Reproducing the experiments

# 1. install deps
python -m venv .venv && source .venv/bin/activate
pip install -r requirements.txt

# 2. fetch the benchmark datasets (LOCOMO downloads directly; LongMemEval is author-distributed)
./benchmarks/fetch_benchmarks.sh

# 3. set API keys
export GEMINI_API_KEY=...        # main pipeline + judge (Gemini 3 Flash)
export OPENROUTER_API_KEY=...    # cross-family judge; Mem0/A-MEM write path

# 4. run an experiment (see experiments/README.md for the full script -> result map)
cd experiments
python run_locomo_10conv.py      # LOCOMO 600-QA comparison

Every per-run output we report is committed under experiments/results/, so you can inspect the paper's numbers without re-running anything. The experiments/README.md maps each script to the paper table/figure it produces.

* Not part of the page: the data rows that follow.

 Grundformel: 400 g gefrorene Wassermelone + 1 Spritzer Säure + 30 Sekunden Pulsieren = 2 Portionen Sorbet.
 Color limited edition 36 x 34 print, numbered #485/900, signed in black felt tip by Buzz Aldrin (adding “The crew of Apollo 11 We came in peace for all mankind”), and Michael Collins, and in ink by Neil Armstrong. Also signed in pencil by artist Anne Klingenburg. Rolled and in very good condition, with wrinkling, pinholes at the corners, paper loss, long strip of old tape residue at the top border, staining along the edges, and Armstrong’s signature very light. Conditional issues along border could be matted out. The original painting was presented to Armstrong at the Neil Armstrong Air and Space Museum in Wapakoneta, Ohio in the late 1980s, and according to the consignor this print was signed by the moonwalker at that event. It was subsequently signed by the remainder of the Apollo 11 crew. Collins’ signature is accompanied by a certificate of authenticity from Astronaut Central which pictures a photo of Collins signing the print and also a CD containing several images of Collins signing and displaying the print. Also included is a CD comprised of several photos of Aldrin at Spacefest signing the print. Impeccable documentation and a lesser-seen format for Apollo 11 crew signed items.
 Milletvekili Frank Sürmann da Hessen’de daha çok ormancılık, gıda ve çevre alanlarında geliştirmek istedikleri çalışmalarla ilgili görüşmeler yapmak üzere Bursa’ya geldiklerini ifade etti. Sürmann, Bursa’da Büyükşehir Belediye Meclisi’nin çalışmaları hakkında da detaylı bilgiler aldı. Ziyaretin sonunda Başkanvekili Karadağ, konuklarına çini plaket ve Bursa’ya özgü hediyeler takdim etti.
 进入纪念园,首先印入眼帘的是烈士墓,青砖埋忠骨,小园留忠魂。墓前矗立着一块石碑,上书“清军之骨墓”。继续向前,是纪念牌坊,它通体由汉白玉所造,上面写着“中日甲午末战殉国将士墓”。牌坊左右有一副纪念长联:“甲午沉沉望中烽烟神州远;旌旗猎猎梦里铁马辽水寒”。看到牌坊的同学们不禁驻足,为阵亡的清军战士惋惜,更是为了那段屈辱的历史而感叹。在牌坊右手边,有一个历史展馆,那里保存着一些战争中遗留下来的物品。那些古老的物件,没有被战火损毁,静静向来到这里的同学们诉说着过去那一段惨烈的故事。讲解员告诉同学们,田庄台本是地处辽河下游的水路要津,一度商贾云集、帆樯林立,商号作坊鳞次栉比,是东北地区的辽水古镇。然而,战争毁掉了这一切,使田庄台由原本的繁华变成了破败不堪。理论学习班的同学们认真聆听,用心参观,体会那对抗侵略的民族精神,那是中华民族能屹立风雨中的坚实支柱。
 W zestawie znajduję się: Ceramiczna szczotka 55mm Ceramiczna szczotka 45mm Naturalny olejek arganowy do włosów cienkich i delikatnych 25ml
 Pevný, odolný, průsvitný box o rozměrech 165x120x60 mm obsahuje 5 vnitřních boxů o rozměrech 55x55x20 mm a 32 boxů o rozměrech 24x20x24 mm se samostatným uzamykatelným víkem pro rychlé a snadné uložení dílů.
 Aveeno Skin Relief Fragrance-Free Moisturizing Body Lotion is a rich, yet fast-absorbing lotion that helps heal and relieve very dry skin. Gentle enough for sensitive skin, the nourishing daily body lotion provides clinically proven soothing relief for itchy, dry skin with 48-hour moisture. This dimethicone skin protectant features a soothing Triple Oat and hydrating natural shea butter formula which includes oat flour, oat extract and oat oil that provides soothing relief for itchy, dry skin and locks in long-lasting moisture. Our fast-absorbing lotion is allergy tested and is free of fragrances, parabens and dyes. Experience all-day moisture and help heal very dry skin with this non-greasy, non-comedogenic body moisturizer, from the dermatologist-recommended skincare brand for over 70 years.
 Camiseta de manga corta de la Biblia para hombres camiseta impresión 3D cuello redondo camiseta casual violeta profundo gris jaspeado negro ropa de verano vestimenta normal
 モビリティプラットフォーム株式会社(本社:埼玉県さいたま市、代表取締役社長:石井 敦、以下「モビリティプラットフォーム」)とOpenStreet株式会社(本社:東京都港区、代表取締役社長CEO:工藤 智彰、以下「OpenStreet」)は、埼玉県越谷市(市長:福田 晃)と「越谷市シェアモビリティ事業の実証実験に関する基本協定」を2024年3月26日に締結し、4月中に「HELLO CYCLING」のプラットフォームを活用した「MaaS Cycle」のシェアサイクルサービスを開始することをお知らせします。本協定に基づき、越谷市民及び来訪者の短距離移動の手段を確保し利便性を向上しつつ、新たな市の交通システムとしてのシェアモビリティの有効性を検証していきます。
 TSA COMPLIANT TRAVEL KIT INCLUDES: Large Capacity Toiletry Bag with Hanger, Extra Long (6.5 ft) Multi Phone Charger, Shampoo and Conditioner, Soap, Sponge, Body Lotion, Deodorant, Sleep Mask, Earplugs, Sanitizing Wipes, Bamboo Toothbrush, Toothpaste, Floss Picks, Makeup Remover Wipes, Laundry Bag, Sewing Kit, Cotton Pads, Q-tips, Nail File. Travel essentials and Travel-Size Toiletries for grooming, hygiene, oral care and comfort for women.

Running the companion website

cd web
npm install
npm run dev      # http://localhost:5173
# data bundles are regenerated with:  python3 ../scripts/build_site_data.py

Headline results

Capability UaC Best retrieval baseline Why
Factual recall (LOCOMO, 600 QA) 78.8% within 1pt of a full-context upper bound competitive with the strongest prior systems
Analytical inference (aggregate queries) 99% 6–43% answer is a one-line computation over typed state, not a search over text
Active Service (unsolicited alerts) 100% standard / 85% hard n/a constraints execute deterministically on state change — retrieval cannot initiate

See the paper for the full tables, ablations, cost analysis, and cross-judge/cross-LLM robustness checks.

Reproducibility notes

  • Committed: all experiment scripts, the per-run result JSONs, the synthetic analytical benchmark, the Active Service scenarios, and the reference prototype.
  • Not committed (regenerable / third-party): the vector-index cache (experiments/chroma_db/), the raw benchmark datasets (benchmarks/*/data/, fetched via the script), and a few large LongMemEval-derived dumps (rebuilt by the pipeline). See the .gitignore for the exact list and the per-directory READMEs for how each is regenerated.

Cite this work

If you use this work, please cite the paper (arXiv:2606.16707):

@article{li2026userascode,
  title         = {User as Code: Executable Memory for Personalized Agents},
  author        = {Li, Bojie},
  journal       = {arXiv preprint arXiv:2606.16707},
  year          = {2026},
  eprint        = {2606.16707},
  archivePrefix = {arXiv},
  primaryClass  = {cs.AI},
  url           = {https://arxiv.org/abs/2606.16707}
}

License

Code and documentation are released under the Apache License 2.0 (see also NOTICE). Third-party datasets (LOCOMO, LongMemEval) and memory libraries (Mem0, A-MEM, MemMachine, EverMemOS, Hindsight) are governed by their own licenses and are not included here.

About

Executable memory for personalized agents: represent a user's memory as typed Python state + constraints an interpreter can run, instead of retrieved text. Code, experiments, and reference implementation for the paper (arXiv:2606.16707).